• What this task involves: Copy exactly the lines that run from the top of the listing to the line containing "Отзывы на Детский", both ends included, and omit the pictures.
━━━━━━
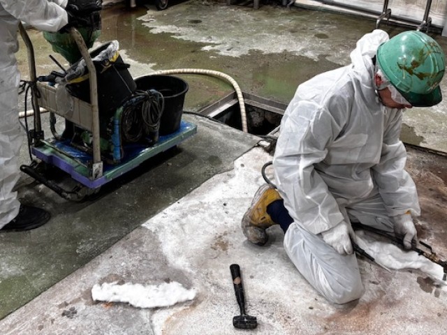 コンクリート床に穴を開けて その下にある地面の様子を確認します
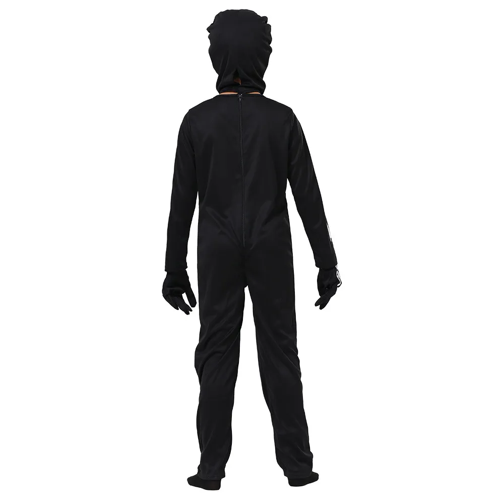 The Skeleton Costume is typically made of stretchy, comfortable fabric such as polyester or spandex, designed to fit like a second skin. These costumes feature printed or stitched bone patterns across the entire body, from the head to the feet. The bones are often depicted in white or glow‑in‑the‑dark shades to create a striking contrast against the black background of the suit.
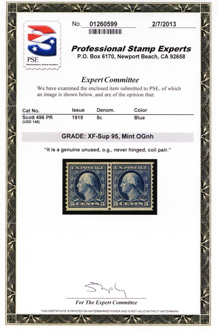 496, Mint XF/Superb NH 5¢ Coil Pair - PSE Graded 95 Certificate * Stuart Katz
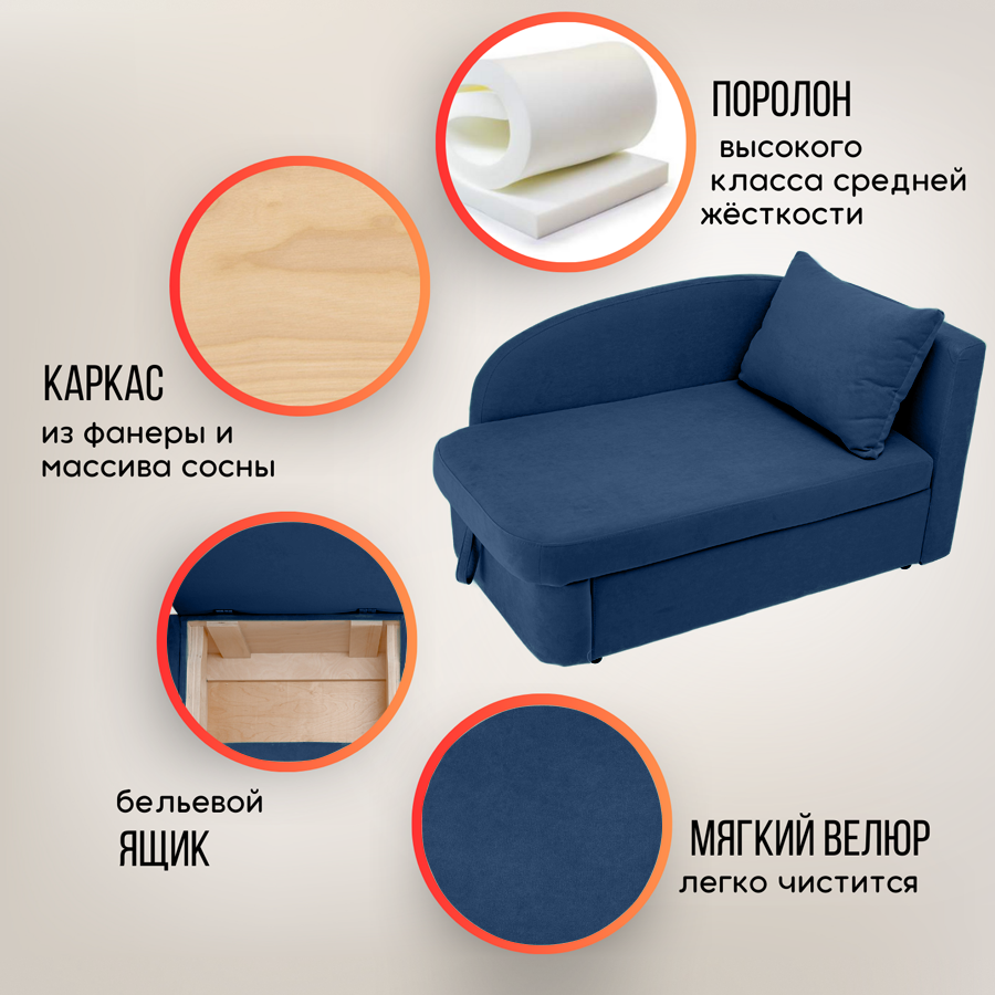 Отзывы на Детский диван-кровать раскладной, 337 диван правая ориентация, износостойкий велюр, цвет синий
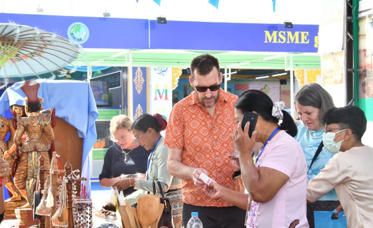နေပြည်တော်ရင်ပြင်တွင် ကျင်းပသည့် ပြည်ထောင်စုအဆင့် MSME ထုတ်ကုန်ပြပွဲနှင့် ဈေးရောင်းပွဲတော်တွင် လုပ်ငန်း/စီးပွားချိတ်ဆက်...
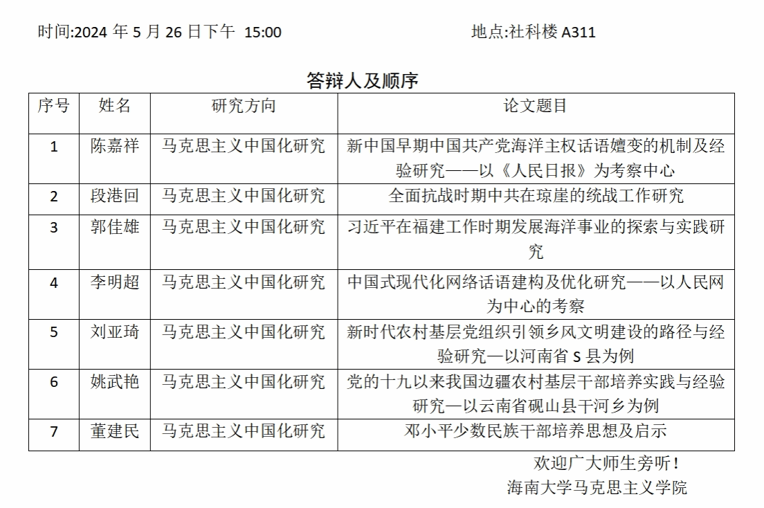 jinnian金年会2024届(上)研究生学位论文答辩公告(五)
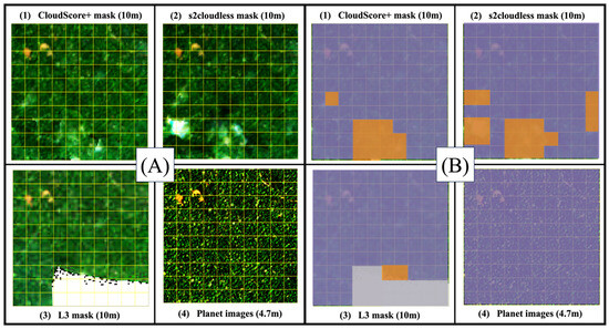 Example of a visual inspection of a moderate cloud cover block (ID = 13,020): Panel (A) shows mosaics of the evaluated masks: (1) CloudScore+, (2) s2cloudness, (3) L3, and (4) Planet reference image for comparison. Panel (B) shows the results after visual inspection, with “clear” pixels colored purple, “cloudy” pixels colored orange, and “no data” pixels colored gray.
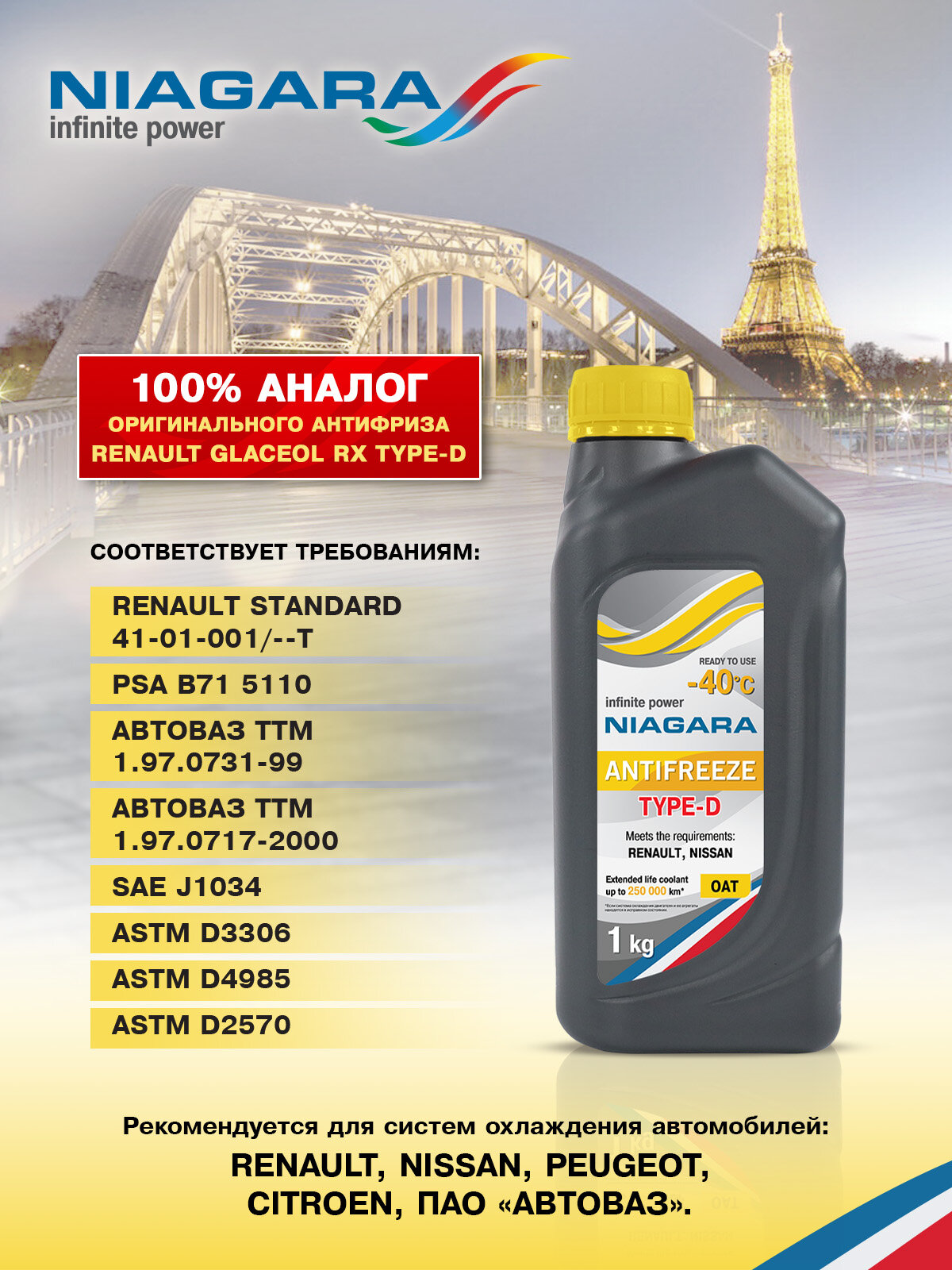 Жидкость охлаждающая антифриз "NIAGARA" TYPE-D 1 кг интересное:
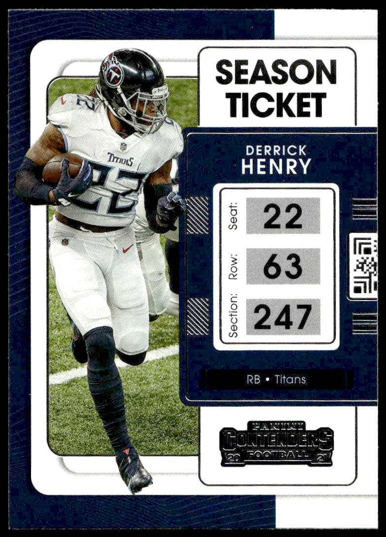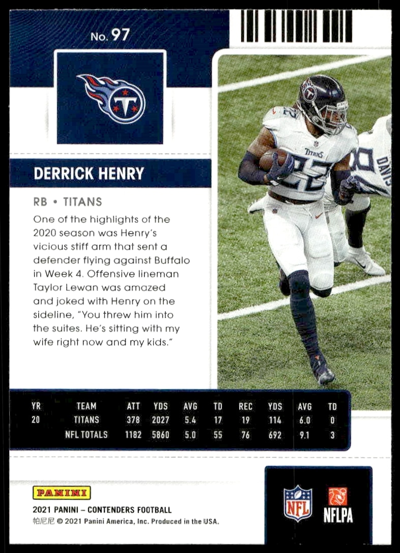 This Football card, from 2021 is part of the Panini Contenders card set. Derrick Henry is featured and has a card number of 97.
━━━━━━
• Answer below:
 コンクリート床に穴を開けて その下にある地面の様子を確認します
 The Skeleton Costume is typically made of stretchy, comfortable fabric such as polyester or spandex, designed to fit like a second skin. These costumes feature printed or stitched bone patterns across the entire body, from the head to the feet. The bones are often depicted in white or glow‑in‑the‑dark shades to create a striking contrast against the black background of the suit.
 496, Mint XF/Superb NH 5¢ Coil Pair - PSE Graded 95 Certificate * Stuart Katz
 Отзывы на Детский диван-кровать раскладной, 337 диван правая ориентация, износостойкий велюр, цвет синий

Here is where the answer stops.